¿De qué va?: Tras escapar de la mortal sala de escape de Minos; Zoey y Ben se dirigen en busca de sus creadores para poner un fin, pero caen en la trampa de un juego tan grande como terroríficamente infinito.
Con una intro que nos cuenta lo sucedido en la primera entrega (ya que hay que justificar los 98 minutos de metraje) Adam Robitel, director de esta entrega como de la anterior, nos mete en el hueso de este esqueleto que continua las aventuras de Zoey, una Taylor Russell que tiene menos expresión que una pared, y Ben, con un Logan Miller que le pone tanta onda que ya causa indiferencia. Ya en sus zapatos, seguimos el insípido plan que tienen ambos adolescentes de ir tras los pasos de Minos, la empresa malévola encargada de armar y ejecutar las Salas de escape, para derrocarlos y terminar con la matanza indiscriminada e inútilmente justificada. Con sus prendas más facheras, sus inexpresivos sentimientos y con chistes más malos que las ganas de escribir esta película, la pareja de amigos se dirige a una posible pista, hasta que el tren que toman, en dónde se encuentran tan solo otras cuatro personas – guiño, guiño- no es más que el boleto de bienvenida a la nueva pesadilla, está vez compartida por estos campeones, también sobrevivientes de otras Salas de Escape.

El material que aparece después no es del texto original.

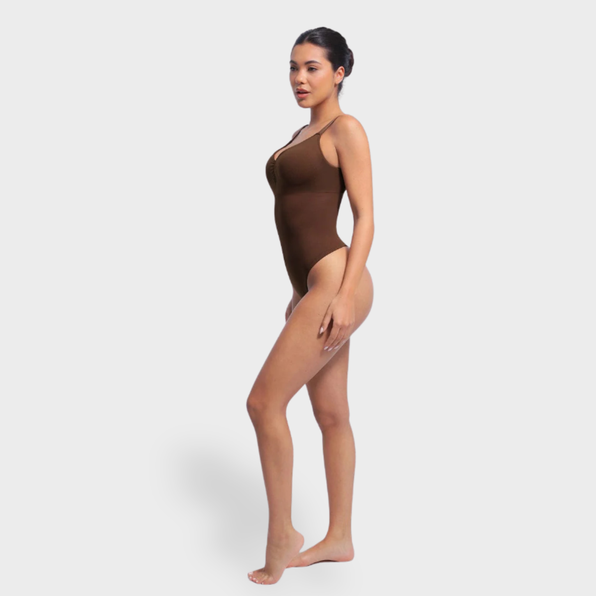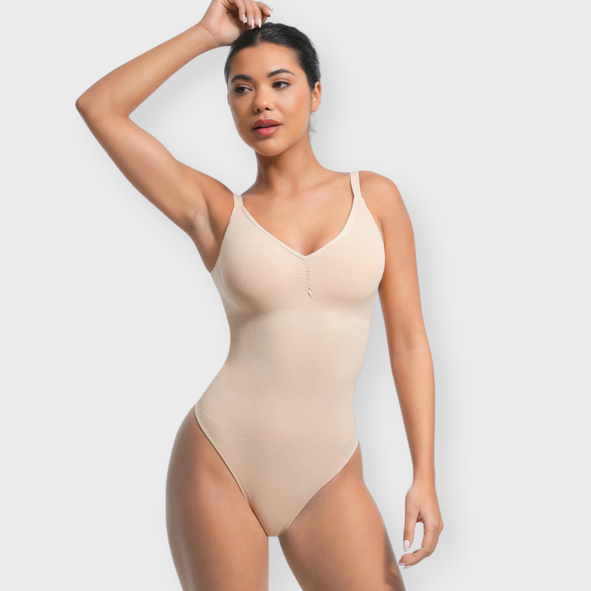 Your all-in-one foundation layer—designed to sculpt, support, and stay invisible. This thong bodysuit features a built-in bra with fixed cups for natural lift and no shifting, while the seamless construction smooths the waist and tummy for a clean silhouette. With adjustable straps and a snap gusset for all-day ease, it delivers second-skin comfort and shaping without the bulk. Wear it under everything or on its own for confident, curve-hugging support.

Sí, es lo mismo que la anterior, pero ahora los participantes saben a qué se enfrentan, por lo que su sabiduría explicativa y conveniente de estos pone en jaque la inteligencia del espectador, dejándolo a merced de que solo pueda interesarse por las intrincadas e inexplicables trampas que hay a su alrededor, y de que sus muertes sean lo más gore y satisfactorias posibles. Plot twist: no lo son.

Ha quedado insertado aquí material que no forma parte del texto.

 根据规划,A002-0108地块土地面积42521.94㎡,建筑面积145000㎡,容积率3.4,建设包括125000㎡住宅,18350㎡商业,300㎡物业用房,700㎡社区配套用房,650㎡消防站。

Teniendo la experiencia de haber pisado una Sala de Escape, podemos decir que las pistas que encontramos a nuestro alrededor no son más que pequeñas sogas que nos llevan a otras pistas aún más intrincadas, para así lograr abrir la puerta que nos lleva a la siguiente sala, y así hasta salir – o no –. Esta seguidilla de pasos la presenciamos durante todo el film, ya que su estructura descansa en esto, y me atrevo a decir que es hasta satisfactorio ver como nuestros aventureros escapan por segundos de los láseres o de las arenas movedizas; pero el gran problema descansa en las verdaderas intenciones de todo este plan malévolo. ¿Por qué? Cómo personas lúdicas, entramos a una Sala de Escape para “escapar” gracias a nuestro ingenio y el trabajo en equipo. Ingresamos a un laberinto de pistas y habitaciones guiados por una historia, nos compenetramos, somos los protagonistas de la narración, y los únicos capaces de hacer que la misma avance.

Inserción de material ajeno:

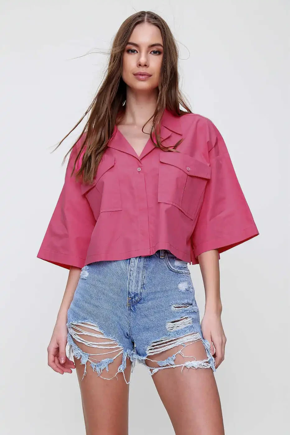 Женская фуксиевая рубашка с накладным карманом в виде конверта с коротким рукавом, сочетающая в себе стиль и комфорт, станет новым любимым предметом вашего гардероба. Рубашка, выделяющаяся своим элегантным фуксиевым цветом и коротким кроем, обеспечивает комфортное использование в течение всего дня благодаря дышащей структуре поплиновой ткани. Деталь с накладным карманом в виде конверта обеспечивает как стильный вид, так и практическое использование.

En este film, las intenciones tanto de las cabezas malévolas como de los mismos protagonistas son tan insulsas e insuficientes que la idea de “sobrevivir” queda rebajada a un metraje que funciona como la excusa +13 para aquellos niñatos que no pudieron presenciar la saga de Saw en el pasado, ni mucho menos la más satisfactoria Cube. La idea del Puppet Master que todo lo sabe y todo lo ve es tan inconsistente y cómoda que solo se apoya en la excusa narrativa de “esto que creías que era normal, es tan solo parte del mismo juego”. La idea de superar las salas, en un momento, llega a ser tan frustrante y agobiante que ya no nos importa quien sobrevive o quién se muere o cómo – o si de verdad están muertos -, ya que los hilos quedan tan expuestos que nos hacen ver el minutero del reloj.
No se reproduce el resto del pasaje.